Croire d’aider les élèves faibles en respectant les rythmes spontanés de développement relève de la fausse conscience.
La quadrature du cercle vient ensuit à s’accomplir dans son entièreté (pour ainsi dire) quand, du « respect » des rythmes spontanés de développement, on va, à « favoriser » les rythmes spontanés …
En vérité, l’expression « rythme spontané de développement » est un faux idéologique. C’est un piège méthodologique. C’est une fable pédagogique. C’est un construit basé sur le conditionnement opérant.
Il n’existe pas de rythmes « spontanés » de développement. Ces rythmes sont toujours une résultante historiquement déterminée. Déterminé par les événements biographiques du sujet, par une réalité plus ou moins heureuse déterminant l’histoire de l’élève, de son « bagage » pour le dire en termes brefs.

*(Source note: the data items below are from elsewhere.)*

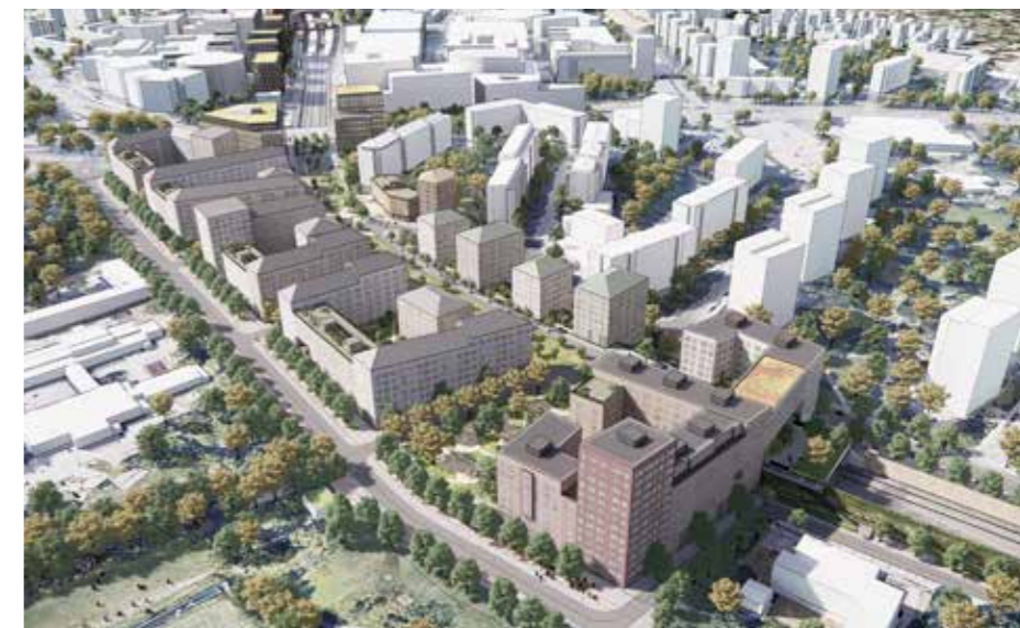
Stadsbebyggelse ovanpå intunnelingen av Mäljarbanan.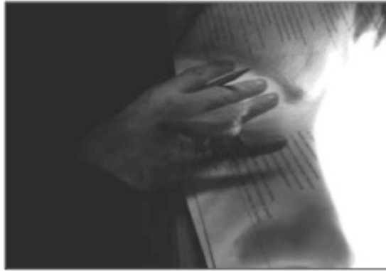
Figure 7. Grégory Chatonsky, Sur Terre, www.arte.tv/sur-terre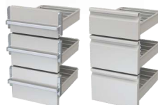
Teleskopzug Typ D Flaschenhöhen 185 / 265 / 265 mm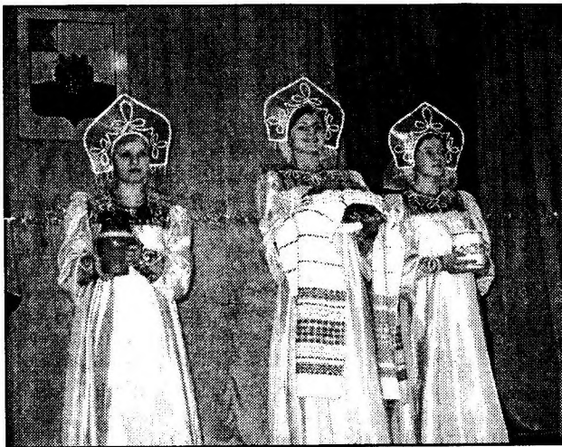
Хлеб да соль гостям праздника

Наград было очень много, в следующих номерах газеты мы назовем все фамилии передовиков, расскажем об их успехах.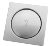
Ralo Click 15 x 15cm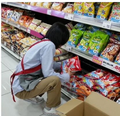
スーパーでの職場実習

◎働くためのプログラム（就労）：「働くこと」について、「知って（マナー講座など）」「見て、聞いて（見学）」「やってみて（体験）」等、就労への準備をしていくプログラムです。自信がついて、仕事への一歩を踏み出したいという方へは、求職活動支援・就労後のサポートも行います。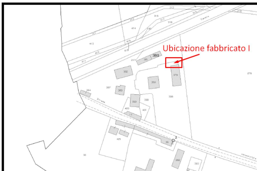
Fig. n. 2 – Stralcio mappa catastale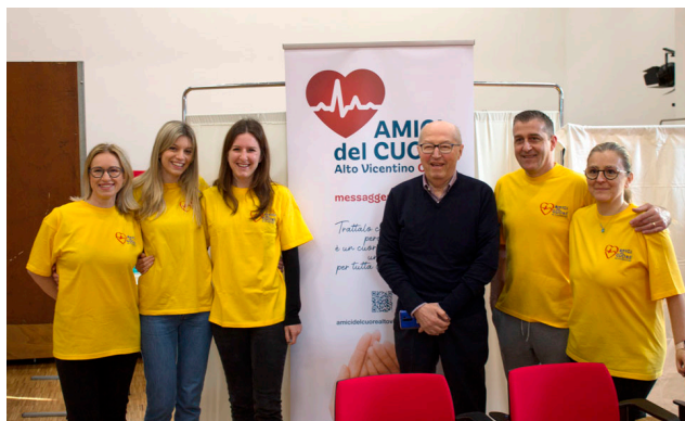
Team volontari dell'UCIC Santorso con il Presidente AdC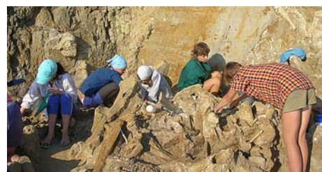
Раскопки массового захоронения древних слонов и носорогов на Таманском полуострове

В отделе инновационных проектов Дворца творчества начинается работа уникальное объединение «Юный палеонтолог», здесь ребята могут узнать о вымерших обитателях Приазовья, древнейшей исто-

Neutraliser le classisme, se doter d’un démocratique (pour ainsi dire) masque de gestionnaire … tout ça a une puante odeur de restauration.

En vérité, l’école n’est pas faite pour gérer les rythmes spontanés de développement. Elle devrait être faite pour stimuler les élèves, enrichir leurs connaissances, les doter d’un riche système de pensée, les secouer dans leurs obsessions, de leurs erreurs et de leurs constructions erronées de la réalité. La confusion qui se fait entre rythmes et objectifs de développement est grave. Si les premiers sont différents, que dire des seconds ?

Une analogie s’impose.
L’inconnu de la pédagogie différenciée est analogue aux rapports – et aux approches – qui viennent à se constituer entre centre et banlieue.
Abandonnons-nous peut-être les banlieues à leur dégradation ? Pardon, favorisons-nous le rythme spontané de développement des banlieues ?
En réalité, aujourd’hui l’école n’a pas tellement besoin de différenciation, mais d’investissements massifs.